**WHAT THE EXERCISE ASKS**
Every line from the start of the entries up to and including the one bearing "ヤナギ科の落葉潅木。水辺に叢" must be printed verbatim, without the pictures.

DATASET CONTENT: Begin

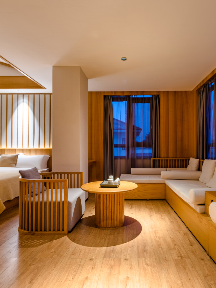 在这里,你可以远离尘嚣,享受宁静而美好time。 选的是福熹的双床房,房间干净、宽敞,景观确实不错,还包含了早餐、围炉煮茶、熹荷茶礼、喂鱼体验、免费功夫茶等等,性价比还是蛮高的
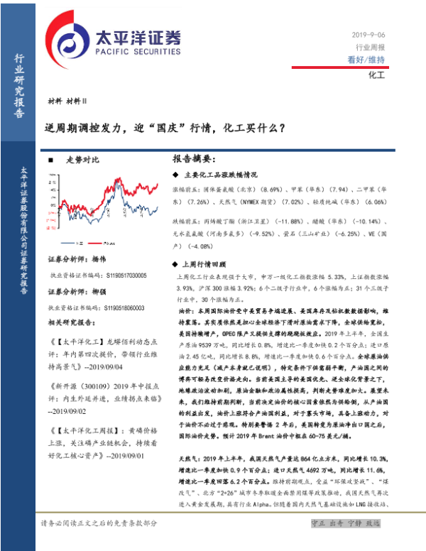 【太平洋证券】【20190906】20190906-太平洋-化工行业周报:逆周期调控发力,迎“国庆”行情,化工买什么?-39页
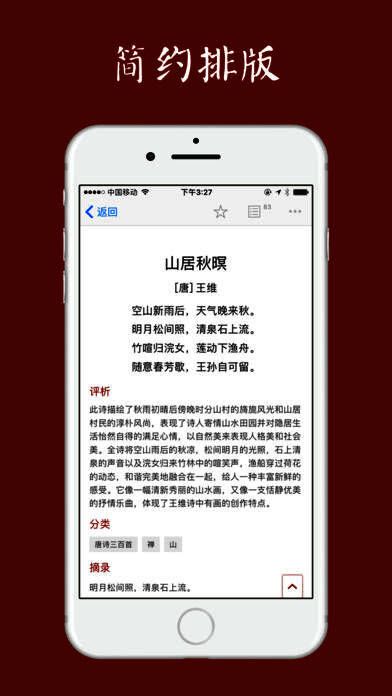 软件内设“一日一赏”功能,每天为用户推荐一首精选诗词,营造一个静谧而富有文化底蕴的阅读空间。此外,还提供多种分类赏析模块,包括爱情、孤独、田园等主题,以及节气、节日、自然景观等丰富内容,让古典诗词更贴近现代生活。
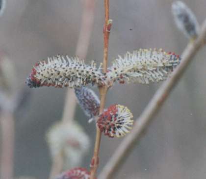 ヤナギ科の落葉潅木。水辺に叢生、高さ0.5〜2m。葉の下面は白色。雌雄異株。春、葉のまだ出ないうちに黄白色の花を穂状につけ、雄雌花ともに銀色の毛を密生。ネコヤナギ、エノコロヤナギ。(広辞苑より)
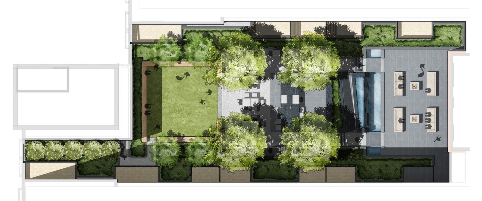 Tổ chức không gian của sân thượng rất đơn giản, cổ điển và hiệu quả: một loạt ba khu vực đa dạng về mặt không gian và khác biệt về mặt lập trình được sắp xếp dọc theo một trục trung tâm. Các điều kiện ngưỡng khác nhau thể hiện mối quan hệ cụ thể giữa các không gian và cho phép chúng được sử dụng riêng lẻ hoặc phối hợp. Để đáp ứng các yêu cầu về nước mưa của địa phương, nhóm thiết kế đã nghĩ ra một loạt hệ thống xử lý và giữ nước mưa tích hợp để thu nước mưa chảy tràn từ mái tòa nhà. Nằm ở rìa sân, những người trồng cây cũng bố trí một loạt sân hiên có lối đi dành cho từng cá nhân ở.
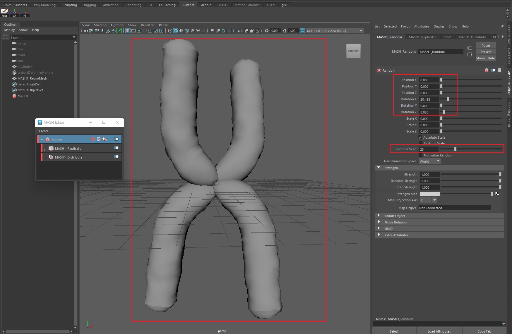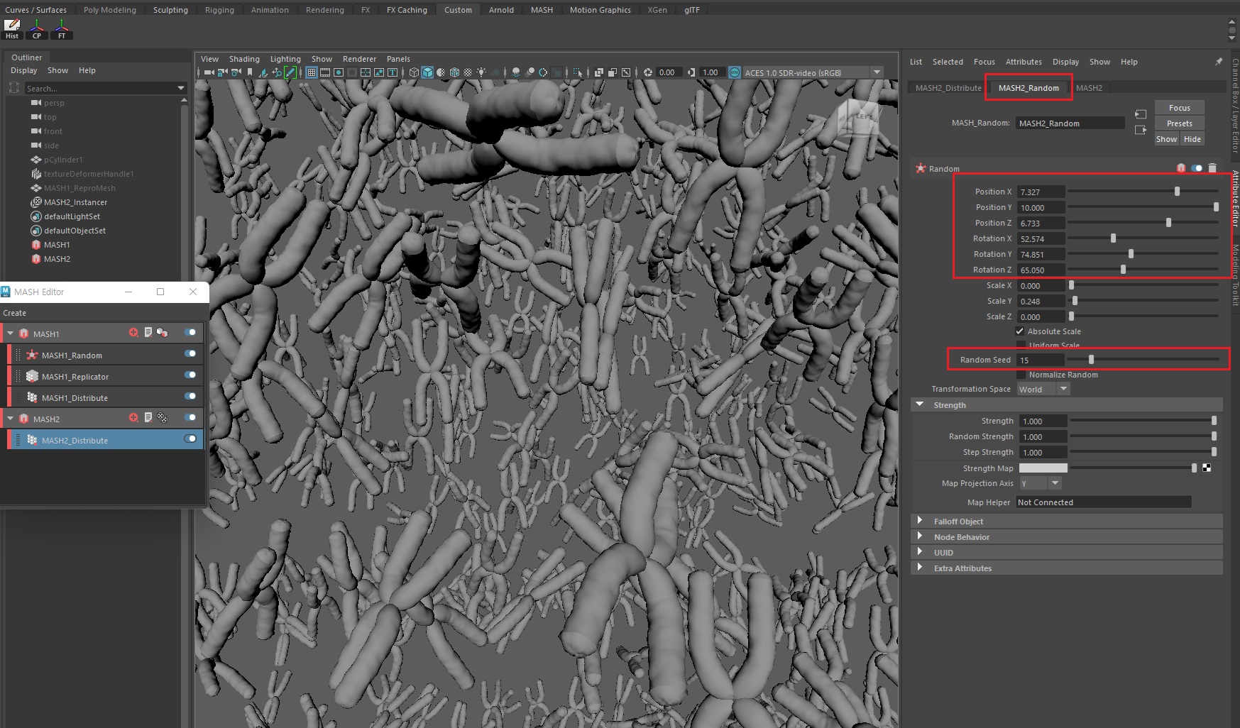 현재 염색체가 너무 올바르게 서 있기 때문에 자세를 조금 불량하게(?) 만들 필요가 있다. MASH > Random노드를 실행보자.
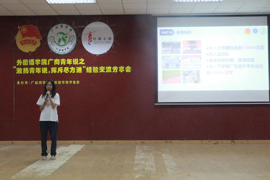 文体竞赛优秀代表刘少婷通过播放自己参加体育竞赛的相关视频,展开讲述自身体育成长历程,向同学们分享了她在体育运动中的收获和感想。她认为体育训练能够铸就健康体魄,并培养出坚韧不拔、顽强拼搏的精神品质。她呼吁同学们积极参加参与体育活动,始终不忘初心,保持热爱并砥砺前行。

DATASET CONTENT: End

**SOLUTION TO THE PROBLEM**
 在这里,你可以远离尘嚣,享受宁静而美好time。 选的是福熹的双床房,房间干净、宽敞,景观确实不错,还包含了早餐、围炉煮茶、熹荷茶礼、喂鱼体验、免费功夫茶等等,性价比还是蛮高的
 【太平洋证券】【20190906】20190906-太平洋-化工行业周报:逆周期调控发力,迎“国庆”行情,化工买什么?-39页
 软件内设“一日一赏”功能,每天为用户推荐一首精选诗词,营造一个静谧而富有文化底蕴的阅读空间。此外,还提供多种分类赏析模块,包括爱情、孤独、田园等主题,以及节气、节日、自然景观等丰富内容,让古典诗词更贴近现代生活。
 ヤナギ科の落葉潅木。水辺に叢生、高さ0.5〜2m。葉の下面は白色。雌雄異株。春、葉のまだ出ないうちに黄白色の花を穂状につけ、雄雌花ともに銀色の毛を密生。ネコヤナギ、エノコロヤナギ。(広辞苑より)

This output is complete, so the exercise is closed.